In the third passage, the man is held in the woman's arms and is afraid of losing her. He was caught up in a vivid dream in which he finds himself on a raging sea with black waves crushing everything in sight and sees black bodies that were intertwined on the ocean. Clearly this is one of the recurring nightmares reflecting our fear of being used, or left by himself after intense sexual encounters. The black bodies on the beach are abandoned and lonely and black is in reference to emptiness and losing ones way. He wants the relationship to be one in which emotions are authentic and lasting but is afraid that the woman would see it only as a casual affair and disregards his feelings for her.

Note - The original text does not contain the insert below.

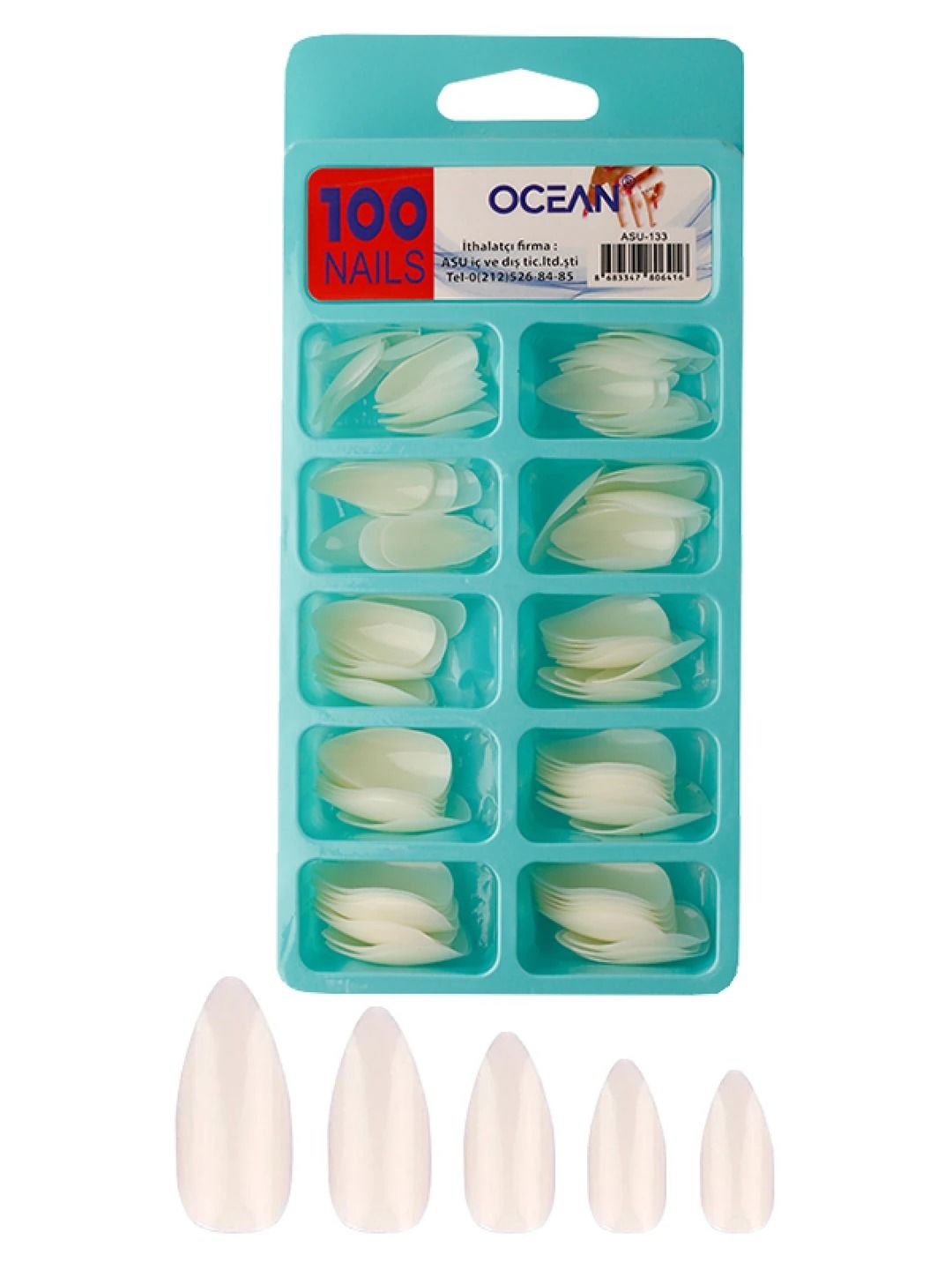 Ocean Solingen, beyaz takma tırnak, badem protez tırnak, ASU-133, 100'lü kutulu tırnak, dayanıklı tırnak modelleri, profesyonel takma tırnak.
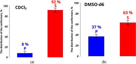 Thus, the distance between atoms H22 and H25/H29, characterizing changes in the umifenovir conformers, is 3.33 ± 0.05 Å in chloroform, and is similar to the value of 3.54 ± 0.12 Å found for solvates of umifenovir determined by XRD [27]. The difference of 0.21 Å is within the experimental accuracy level. At the same time, the polymorphic form consisting of conformers P has the distance H22–H25/H29 of 2.59 ± 0.08 Å. This differs from the value found from the NOESY experiments performed in chloroform by 0.74 Å, which is four times the experimental error. The results show that conformers S dominate over P as 92% to 8% for CDCl3, while in DMSO the corresponding populations ratio is 63% to 37% (Figure 3). Thus, formation of solvates of umifenovir in DMSO is unlikely, whereas chloroform is the preferred medium for screening of the solvate forms.

Both the woman and man experience the need for emotion. The human race as a whole have these needs and some individuals express them to an extreme in which a response is needed immediately. In my opinion, these two passages are the most important out of the five chapters that were read and typical of all the other passages. The expressions of human instinct are given to both genders. Men as well a women are seen as extremely similar in that they are all driven by their instinctual needs for love and affection. To be treated with respect and to not become neglected are desires around which human societies are structured, and it is little wonder that Gao Xingjian's work titled "Soul Mountain" is replete with stories of lost souls restless in their search for love, care and peace. The work seems to suggest that getting in touch with one's neglected and forgotten self is the only way to feel like a whole human being.